‘Fishing expedition’ nets nearly tenfold increase in number of sequenced virus genomes
COLUMBUS, Ohio – Using a specially designed computational tool as a lure, scientists have netted the genomic sequences of almost 12,500 previously uncharacterized viruses from public databases.
The finding doubles the number of recognized virus genera – a biological classification one step up from species – and increases the number of sequenced virus genomes available for study almost tenfold.
The research group studies viruses that infect microbes, and specifically bacteria and archaea, single-cell microorganisms similar to bacteria in size, but with a different evolutionary history.
Microbes are essential contributors to all life on the planet, and viruses have a variety of influences on microbial functions that remain largely misunderstood, said Matthew Sullivan, assistant professor of microbiology at The Ohio State University and senior author of the study.
Sullivan partners with scientists studying microbes in the human gut and lung, as well as natural environments like soils and oceans. Most recently, he reported on the diversity of oceanic viral communities in a special issue of the journal Science featuring the Tara Oceans Expedition, a global study of the impact of climate change on the world’s oceans.
“Virus-bacteria and virus-archaea interactions are probably quite important to the dynamics of that microbe, so if researchers are studying a microbe in a specific environment, they’ve been missing a big chunk of its interaction dynamics by ignoring the viruses,” Sullivan said. “This work will help researchers recognize the importance of viruses in a lot of different microbes.
“In all of our studies, we’re working with people who know the microbes well, and we help them decide how viruses might be helpful to the microbial system. The projects range from fundamental, basic science to applied medical science.”
The research is published in the online journal eLife.
Finding a treasure trove of new virus genome sequences has opened the door to using those data to identify previously unknown microbial hosts, as well. These new possibilities are attributed to VirSorter, a computational tool developed by study lead author Simon Roux, a postdoctoral researcher in Sullivan’s lab.
The sorter scoured public databases of sequenced microbial genomes, looking for fragments of genomes that resembled virus genomes that had already been sequenced – for starters.

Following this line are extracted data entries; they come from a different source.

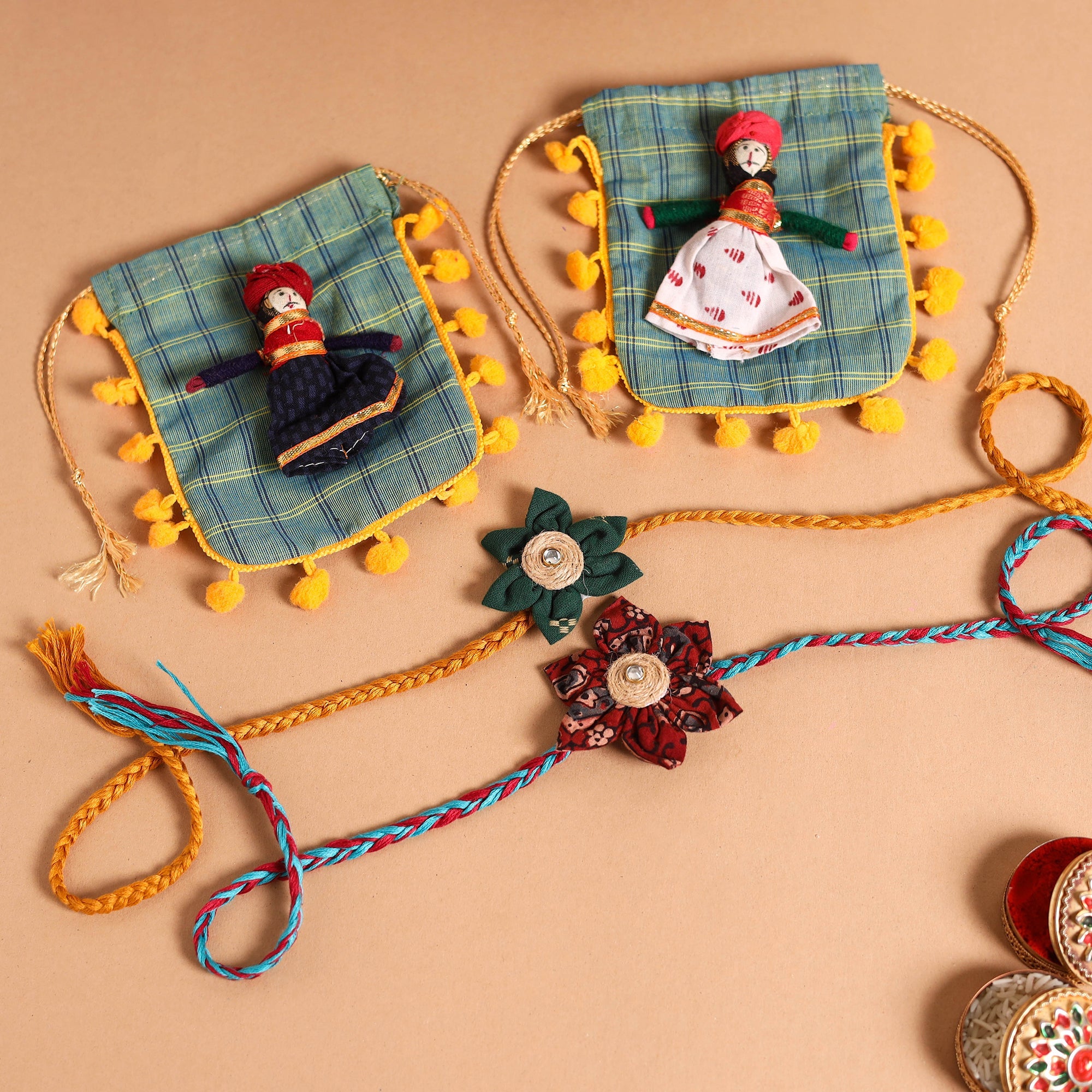 •  Handmade Fabric Flower Jute Rakhi (Set of 2)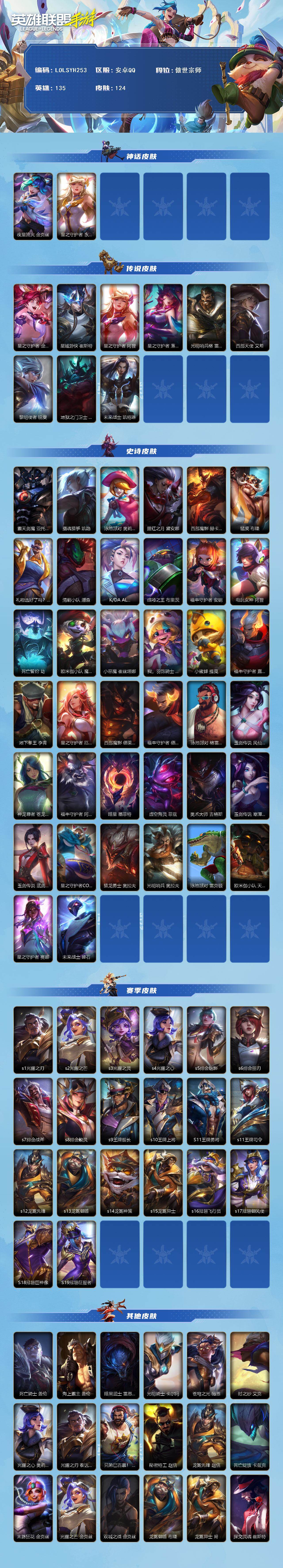 【LOLSYH253】135英雄/124皮肤/傲世宗师/夜星流火 金克丝/星之守护者 永绽盛芒 阿狸/星之守护者 金克丝/星域游侠 崔斯特/星之守护者 阿狸/星之守护者 落 霞/光明哨兵 格雷福斯/西部天使 艾希/黎明使者 锐雯/地狱之门卫士 加里奥/未来战士 凯特琳/霸天剑魔 亚托克斯/摄魂猎手 凯隐/泳池派对 奥莉安娜/腥红之月 黛安娜/西部魔影 赫卡里姆/猛虎 布隆/礼物选好了吗? 布隆/清剿小队 潘森/K/DA ALL OUT 阿卡丽/战场之王 布里茨/福牛守护者 安妮/电玩女神 阿狸/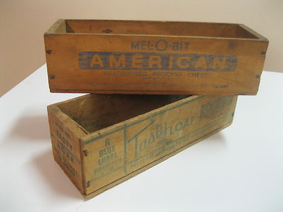 Title (ebay affiliate link): TWO VINTAGE WOODEN CHEESE BOXES, MEL O BIT AND TASTY LOAF, AMERICAN CHEESE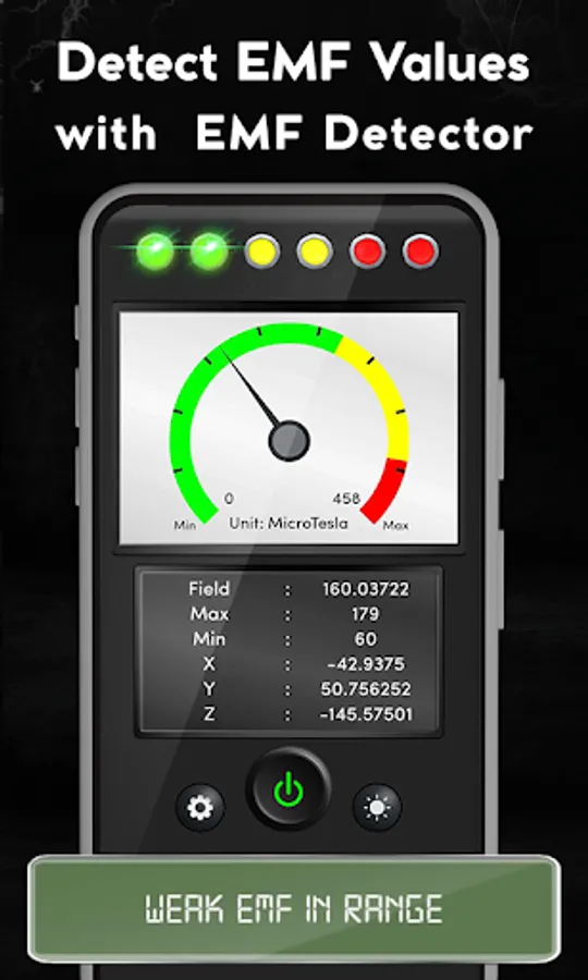 EMF meter android identify weak, high potential EMF and extremely high potential EMF in range.

VirSorter also “fished” for sequences by looking for genes known to help produce a protein shell that all viruses have, called a capsid.
“The idea is that bacteria don’t use capsids or produce them, so any capsid gene should come from a virus,” Roux said. The sorter then associated capsid genes with unfamiliar genes – those considered new, small or organized differently – that are unlikely to be produced by bacteria.
“None of these genomic features is really a smoking gun per se, but combining them led to a robust detection of ‘new’ viruses – viruses we did not have in the database, but can identify because they have capsid genes and a viral organization,” he said.
Using microbial genomes as a data source meant researchers could link newly identified virus sequences to the proper microbial host. The scientists then tried a reverse maneuver on the data to see if virus sequences alone could be used to identify unknown hosts – and this way of analyzing the sequences could predict the host with up to 90 percent accuracy.
“We can survey a lot of environments to find new viruses, but the challenge has been answering, who do they infect?” Sullivan said. “If we can use computational tricks to predict the host, we can explore that viral-host linkage. That’s a really important part of the equation.”
Though viruses are generally thought to take over whatever organism they invade, Sullivan’s lab has identified a few viruses, called prophages, which coexist with their host microbes and even produce genes that help the host cells compete and survive.
Viruses can’t survive without a host, and the most-studied viruses linked to disease are lytic in nature: They get inside a cell and make copies of themselves, destroying the cell in the process.
But the genome sequences revealed in this study suggest that there are many more prophage-like viruses that are different in one important respect: Their genome remains separate from their microbial hosts’ genome.
“The extrachromosomal form of this virus type appears quite widespread, and virtually nobody is studying these kinds of viruses,” said Sullivan, who also has an appointment in civil, environmental and geodetic engineering. “That is a really different and largely unexplored phenomenon, and it’s important to understand those viruses’ ability to interact and tie into the function of those cells.”
Sullivan has just relocated his lab from the University of Arizona, where this research was conducted. He and Roux co-authored the eLife paper with Steven Hallam of the University of British Columbia and Tanja Woyke of the Department of Energy’s Joint Genome Institute.
The work was supported by the Gordon and Betty Moore Foundation, the Natural Sciences and Engineering Research Council of Canada, Canada Foundation for Innovation, the Canadian Institute for Advanced Research and the Tula Foundation-funded Centre for Microbial Diversity and Evolution, G. Unger Vetlesen and Ambrose Monell Foundation. The source genome databases are maintained by the National Center for Biotechnology Information.